Konumuz turizm olduğu için, daha önce de bu konuda yetkililerimizi uyarmış ve ülkemize turist gönderen ülkelerin para birimlerinin ülkemizde  “değiştirilebilir para birimleri sınıfına alınmasının” turizm girdilerine çok olumlu etkilerinin olacağını vurgulamıştım. Şöyle ki, Rusya’dan ülkemize gelen milyonlarca turist neden yanında A.B.D Doları getirmek zorunda bırakılıyor? Türkiye ve Rusya arasında milyarlarca dolarlık ticaret hacmi olduğuna göre, neden bu iki ülke aralarındaki ticarette kendi para birimlerini kullanmıyorlar? Psikolojik olarak bile kendi ülke paranızla tatil için gittiğiniz diğer ülkede rahatlıkla paranızı bozdurup alış veriş yapabiliyorsanız, o ülkeye karşı daha bir sempati ile bakarsınız.

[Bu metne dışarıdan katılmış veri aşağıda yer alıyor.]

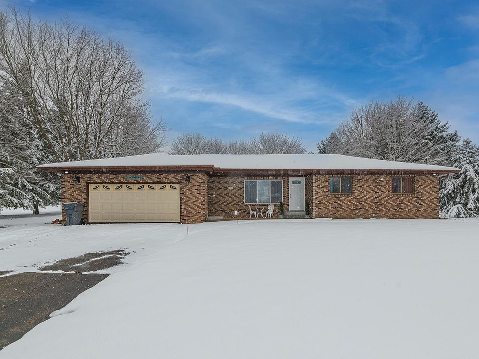 Lovely 3 bedroom, 3 bathroom Brick Ranch on 5 acres! Backs up to a field so you can enjoy all the wildlife from the 3 seasons room. The spacious main floor master suite has a completely new bathroom & 2 closets. The main floor has new floors, paint, trim, doors & windows. The 2nd main floor bathroom has been completely updated as well. Convenient office/entry right off of the garage entry to the home. The space continues as you head downstairs to a large family room, recreation area, 3rd full bathroom, and loads of room for storage. The electrical panel is upgraded, the water softener is new, it has a new on demand water heater, new well pump, new roof & new soffit. As you exit the home there are many flower gardens & trees. The 30' x 48' pole barn has 3 overhead doors & a storage loft.
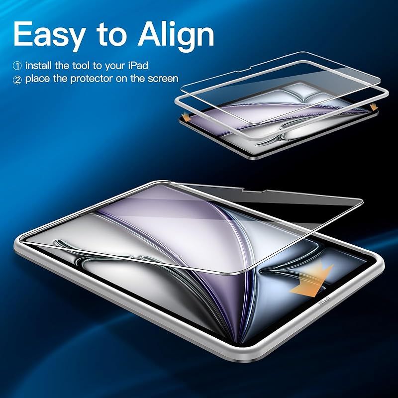 JETech iPad Air用 13インチ M3/M2 (2025/2024) 液晶保護フィルム ガイド枠付き 強化ガラスフィルム HDクリア 2枚セット
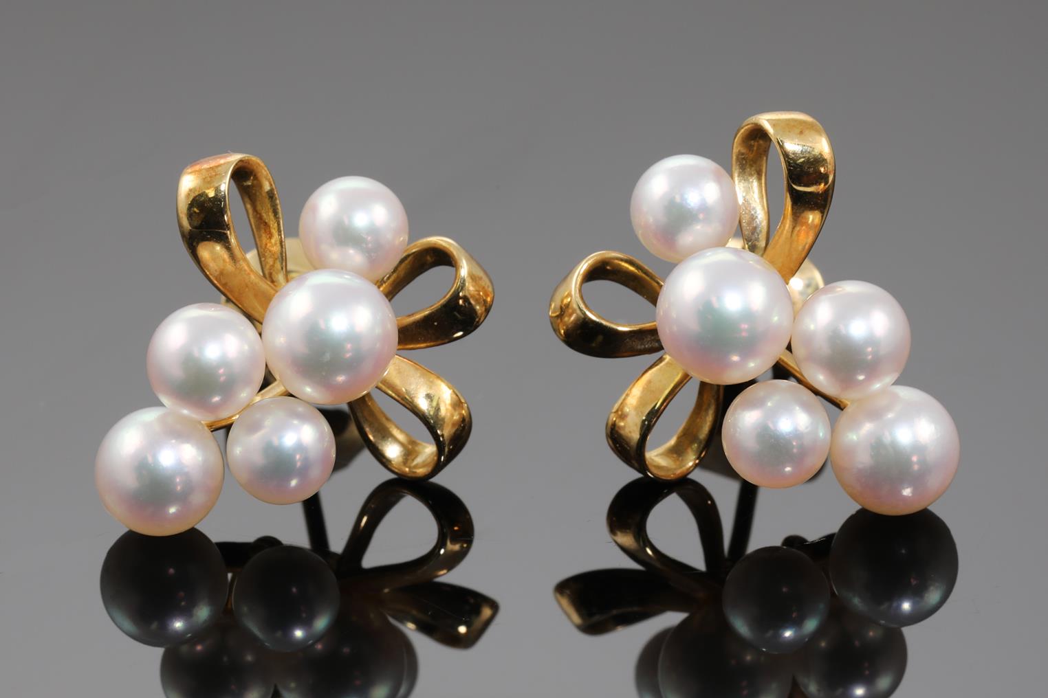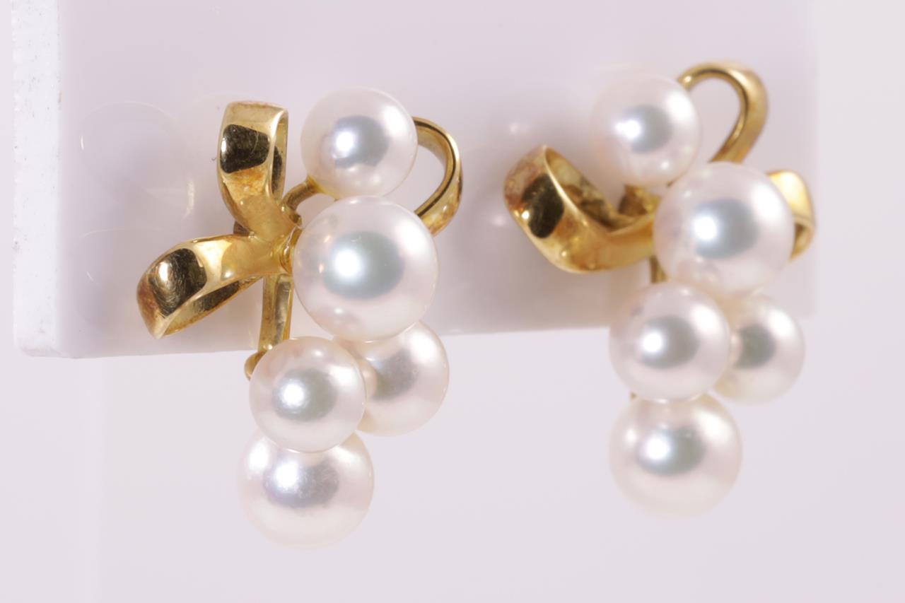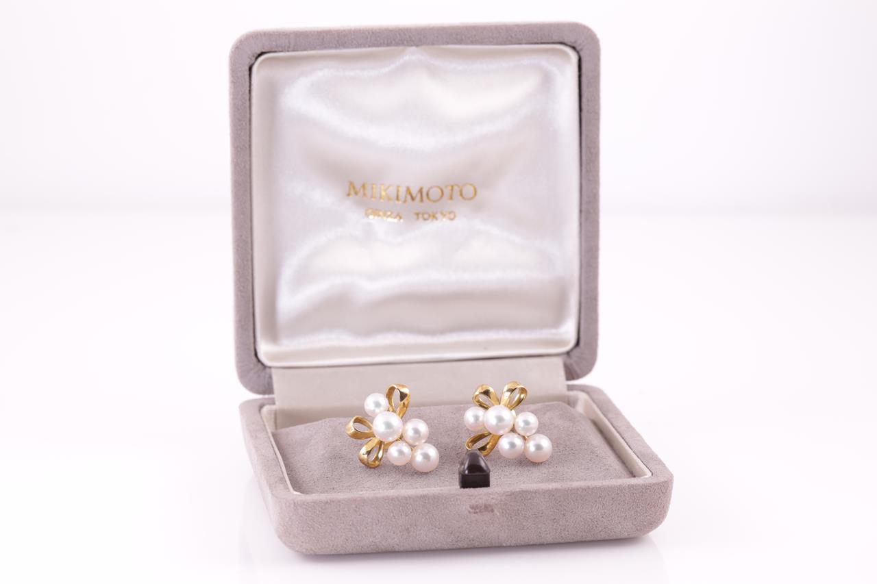 Mikimoto pearl earrings with cultured pearls of 4.7mm-5.7mm. Weight: 4.9g. 18ct yellow gold. With Mikimoto box. (Pre-owned)

Diğer taraftan, o para birimini kullanmayan ülkelerden gelen insanları ülkenize gelirken illa Dolar ile gelmeye zorladığınızda, bu kez karşılığı olmayan bir para ile hazinenizi doldurmaya devam ediyor oluyorsunuz. Ama bu durumda kazanan sürekli  “karşılığı olmayan parayı basıp piyasaya süren ülke” oluyor.
Uluslar arası arenada Türk Lirası’nı  “itibarlı para birimleri” arasına sokmak istiyorsak, tez elden ticaret anlaşması yaptığımız ülkelerle karşılıklı olarak ülke para birimlerinin kullanılması maddesini anlaşma maddesi olarak koymalıyız.
Turistik amaçla ülkemize gelen bir Rus turist, kendi ülke parası olan Ruble’yi Türk Lirası ile değiştirdiğinde, tatil dönüşü tekrar değiştirmek zorunda kalmayacak, çünkü kendi ülkesine döndüğünde zaten Türk Lirası’nı bankalarda değiştirebileceğini biliyor olacak. Bu da Türk Lirası’na uluslar arası dolanım imkanı sağlamış olacak. Eğer böyle düşünülmemiş olsa idi, bugün Avrupa Birliği parası Avro diye bir para biriminin ortaya çıkmaması gerekirdi. Buradaki asıl amaç, dünya ticaretini kontrol altına alma yarışıdır. Eğer sizin paranız uluslar arası ticarette geçerli bir para ise, yapmadığınız ticaretten bile siz para kazanıyor olacaksınız demektir.